Contemplation #1 - Björn Leó Brynjarsson
Note: Dance For Me was supported by the Kulturkontakt Nord mobility fund to travel to Tampere Theatre Festival in Finland in August 2015. This post revisits that experience.
I was sitting in a circle of friends around a middle aged, portable plastic table at a camp site on the southern, sandy side of Iceland. That weekend you could feel that the short summer would soon turn to autumn and the night went dark for the first time since may. Light is a very dynamic force in Iceland.

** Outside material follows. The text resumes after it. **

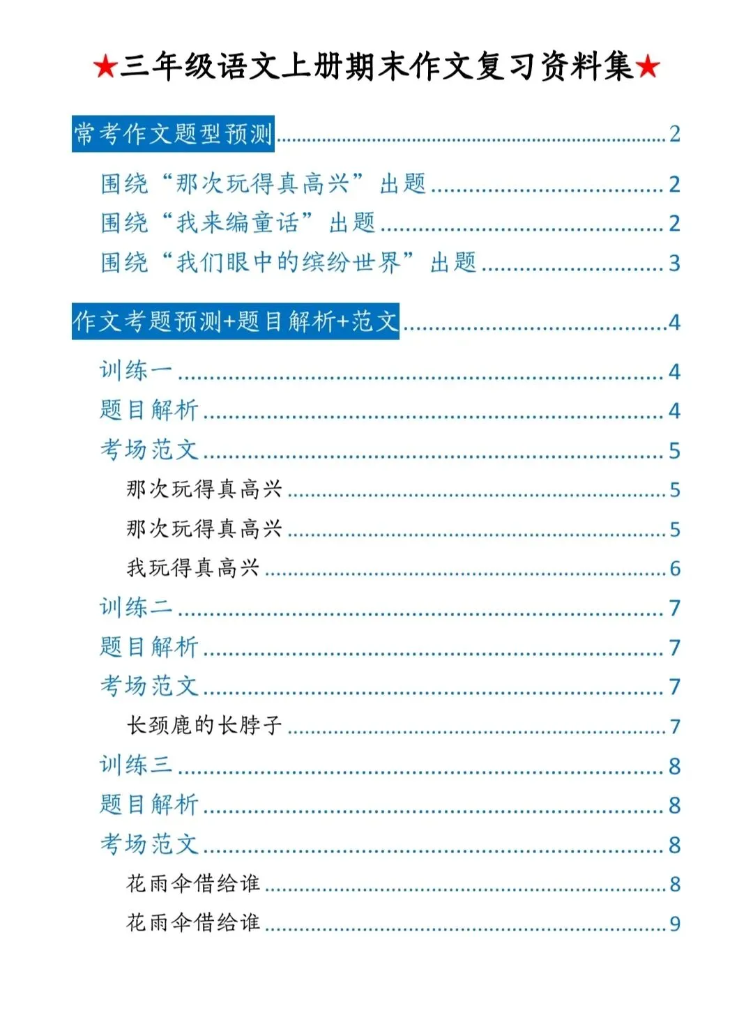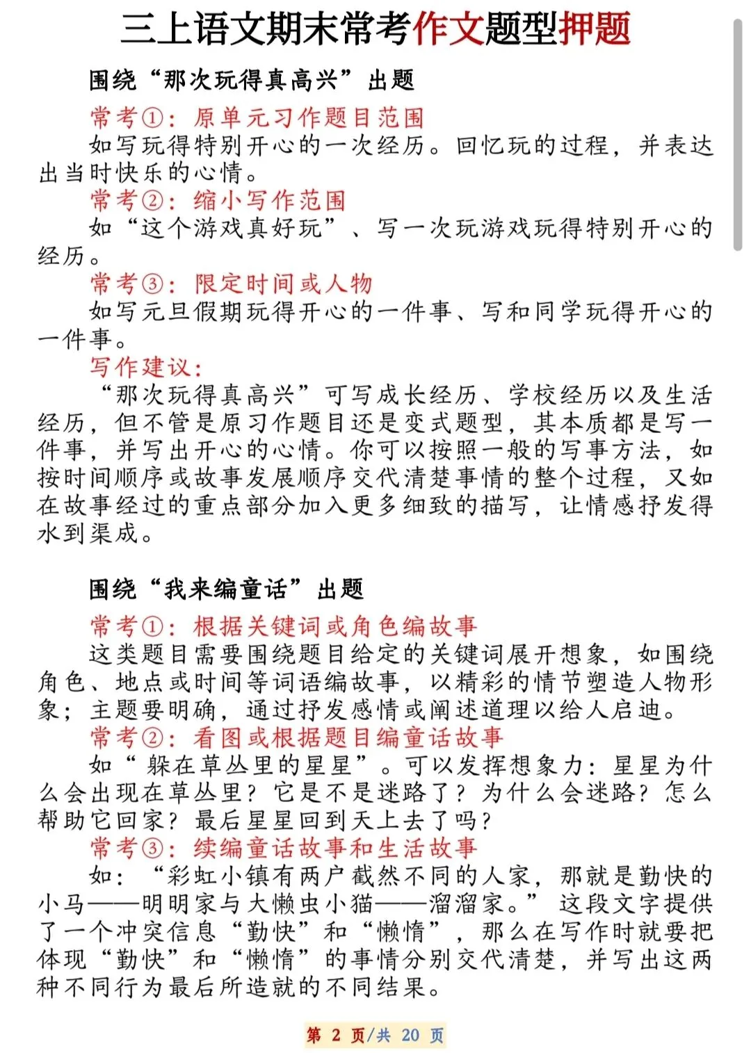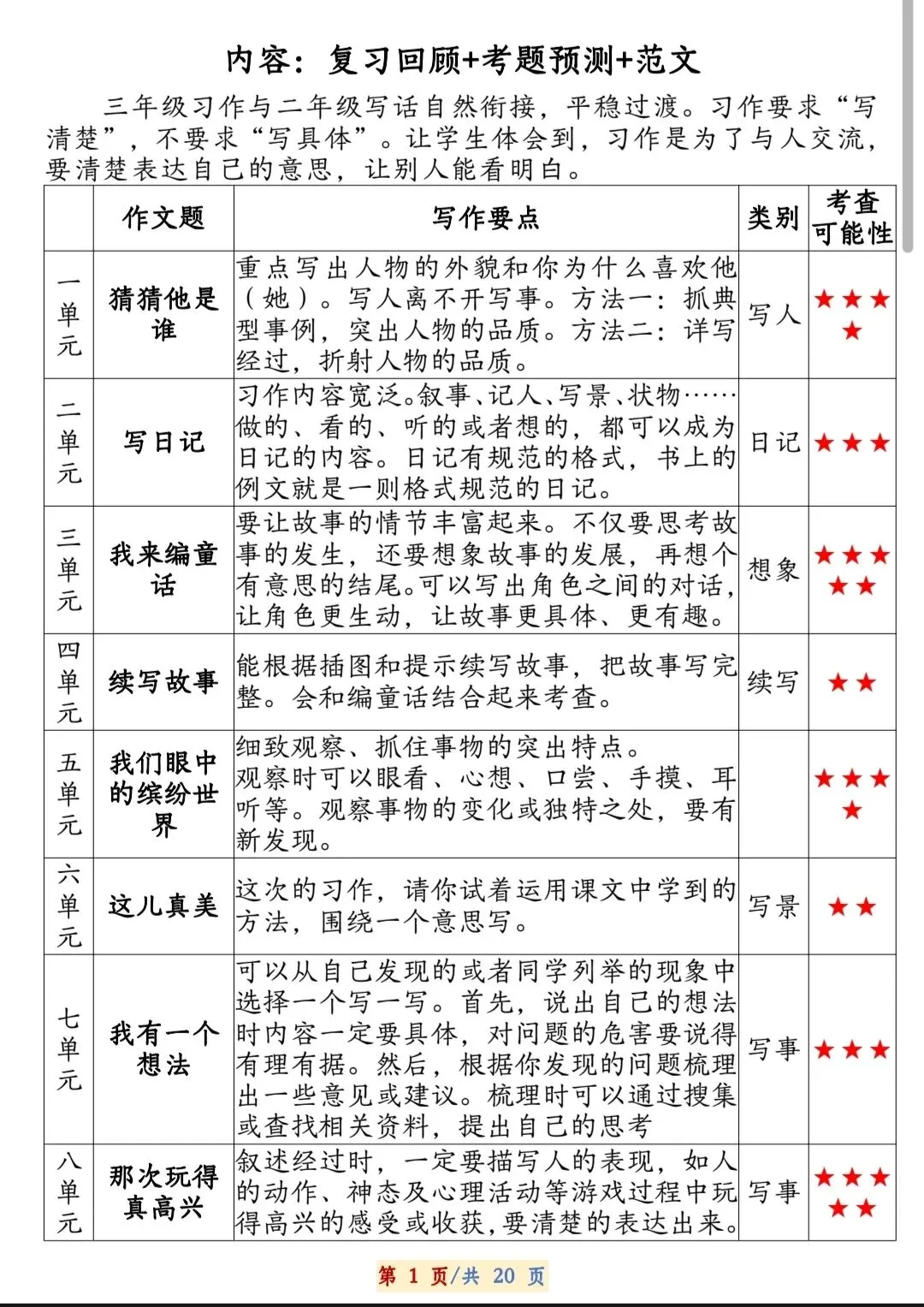 家长必备!新三年级上册语文期末十三考点复习资料 42页可打印PDF

My friend Atli said that we as Icelanders might have missed out on many things as children. I asked him what he meant and he explained that because of the cold climate we had never experienced jumping into a tree surrounded lake and dried off on warm stones afterwards as the sun went down. He was right. Over here the outdoors is a foreign environment and Icelandic nature is the deep side of the pool - you can go there, but it takes effort to stay there. The human body is a visitor in Iceland and virginity is something you lose inside a heated house, never in the nature. It’s too barren, too hostile, too alien. We debated for a while the pros and cons of having grown up in Iceland and then went to our tents in the cool summer night.
Three days later I was in Finland with the company Dance For Me, preparing to show the very Icelandic piece Petra to the locals. When showing foreigners your own material you realize that you are the foreigner yourself. You never know if the language and mood will translate the way you want it so we felt the same way when we were premiering the show for the first time in Iceland. Since laughter can sometimes be the only tool a performer can use to measure the impact of his performance on the audience, and the Finnish audience at our show that night sat quiet like a crowd of petrified trolls, I assumed our play just didn’t work in Finland. But as the house lights went on and the audience walked out after a decent applause, I could see their watery eyes. There was obviously a connection, the Finns liked our show and I was extremely relieved. Our creation was not just something that the local Icelandic crowd could understand but also our far neighbours in the east. I can’t remember exactly which Icelandic author said that in order to go global, you have to make something extremely local.
Later that night the festival organizers invited our company to a sauna party of some sorts. Because we had spent the day before rehearsing and I myself had gone overboard when sampling the local alcoholic beverages I almost didn’t go. But thanks to modern medicine I murdered my headache and threw myself in the minibus with my friends and a short drive later I stepped into Atli’s missing childhood dream that I mentioned earlier. The Tampere smoke sauna was something cut out of an Astrid Lindgren’s fantasy and me and the gang took round after round of broiling in the dark, mystical, wooden house and then jumping into the amazingly fresh lake surrounded by tall birch trees. I thought that even though I missed out on losing my virginity somewhere between a smoke sauna and a lake as a teenager, I was thankful that I was able to experience that moment with my friends just for one night.